A charitable trust offers tax advantages
Are you looking for an additional source of retirement income? Do you want to leave behind a charitable legacy and reduce your tax bill now and when you die? If the answer is yes, a charitable remainder trust might be right for you.
A CRT is an irrevocable “shared interest” trust that provides income to you and any named beneficiary for a specified number of years (up to 20) or for the rest of your life or that of a beneficiary, with remaining assets donated to charity. Between 5% and 50% of the assets of the trust must be distributed at least once a year, and at least 10% of the initial value of the CRT must eventually be donated to charity.
Two types of CRTs
There are two types of CRTs. With a Charitable Residual Annuity Trust, or CRAT, a fixed amount is distributed each year to you or non-charitable beneficiaries. Once you’ve set up a CRAT, you can’t contribute to it later. With a Charitable Remaining Trust, or CRUT, distributions are based on a fixed percentage of the value of the trust, which is re-determined each year. You can also put more in a CRUT after it is created.
Both types of CRTs have tax advantages. According to Jim Ferraro, Vice President and Trustee Advisor of Argent Trust Co., CRTs are primarily an “estate tax reduction tool for the charitable inclined.” This is because assets paid into these trusts are generally not included in your estate upon your death. If they are not part of your estate, they will not be subject to federal estate tax.
You may even be able to avoid the tax altogether if the total value of the estate is reduced below the estate tax exemption amount for the year of death. This amount is $12.06 million in 2022. The exemption is doubled for married couples if portability is elected on Form 706 after the death of the deceased first spouse.
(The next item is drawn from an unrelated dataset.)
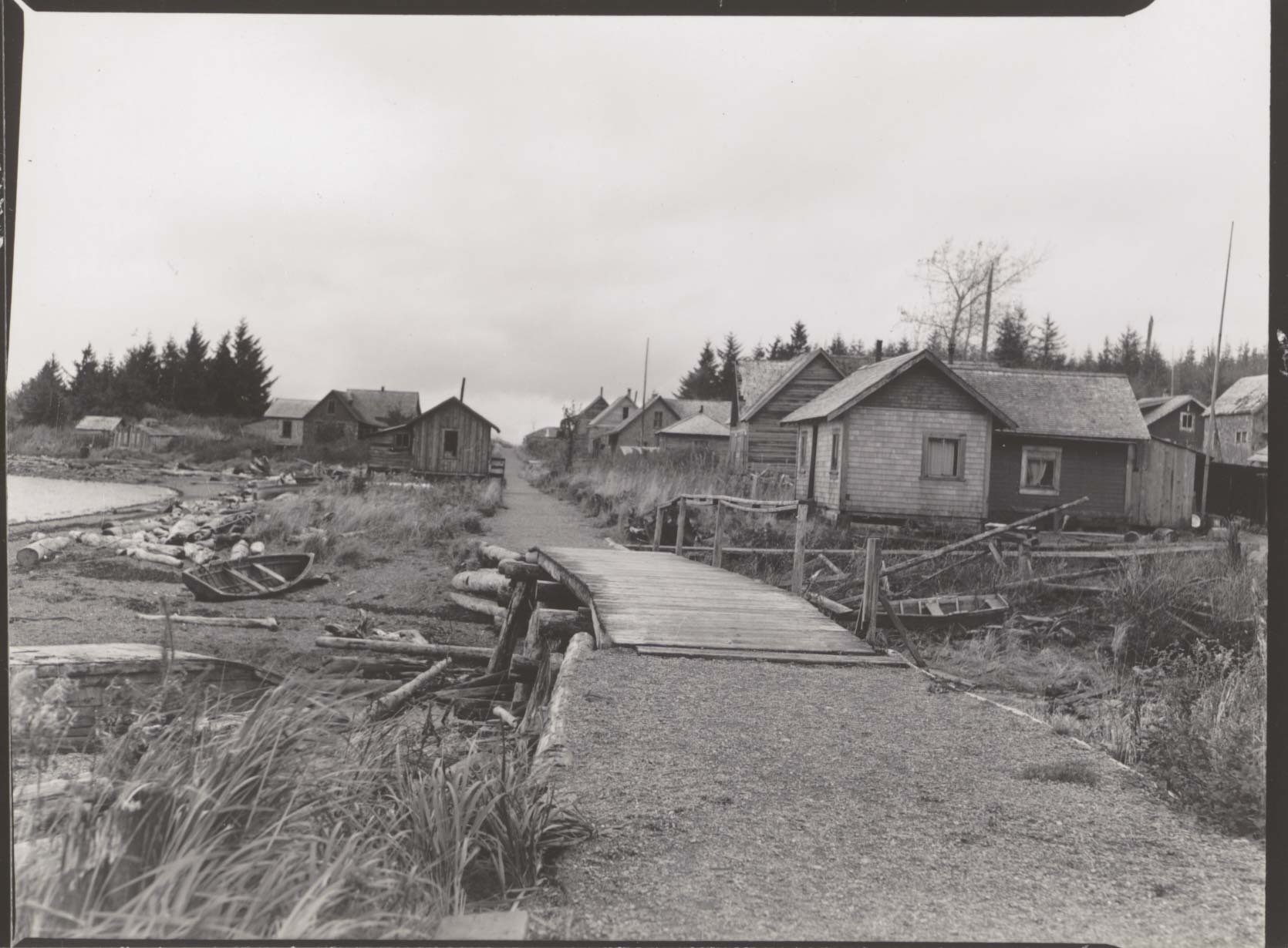 Main street of Village of New Kasaan. Barber shop is first building on left. Negative#: 10749. Location: New Kasaan, Alaska. Location of negative: Wildlife Division, Director’s Office. [This information comes from the reverse of the envelope for this negative number.].

You can also claim an itemized charitable deduction on your tax return for the year you created a CRT. The deduction is for the projected amount that will go to charity. Since the amount of future contributions to the charity is not always clear when creating the CRT, a complicated formula is used to calculate it. The formula is based on your age or the age of any other beneficiary, whether a CRAT or CRUT is used, and the distribution rate, among other factors.
Additional fiduciary benefits
You can also defer paying capital gains taxes if you place valued capital assets, such as stocks or real estate, in a CRT. If you sell assets outside the CRT, the tax is due when you file your tax return for the year of the sale. But if you transfer the asset to a CRT, the trust can sell it tax-free.
However, as Ferraro notes, “the character of income or gain is trapped in the CRT” by IRS regulations that dictate how distributions are taxed. Although there is potential for tax-free income, portions of the distribution may also be treated as ordinary income, capital gains or other income and taxed accordingly. For capital gains, however, the tax bill will be delayed and you may not owe these taxes until you file your tax return for the years in which you receive a distribution.
CRTs can also be used as an alternative to “stretched” IRAs, which were phased out for most people in 2020. Under the old rules, non-spouse IRA beneficiaries could split distributions from an inherited account into their own life and leave the rest of the money to grow tax-free for decades. Now, all funds from an inherited IRA must generally be distributed to non-spouse beneficiaries within 10 years of the death of the IRA owner. To get around the new rules, you can name a CRT as the beneficiary of the IRA and set up the trust to provide lifetime income to someone other than a spouse.
While the tax benefits are attractive, Ferraro urges people not to “let the tax tail wag the dog.” If you’re not charitable, don’t go for a CRT.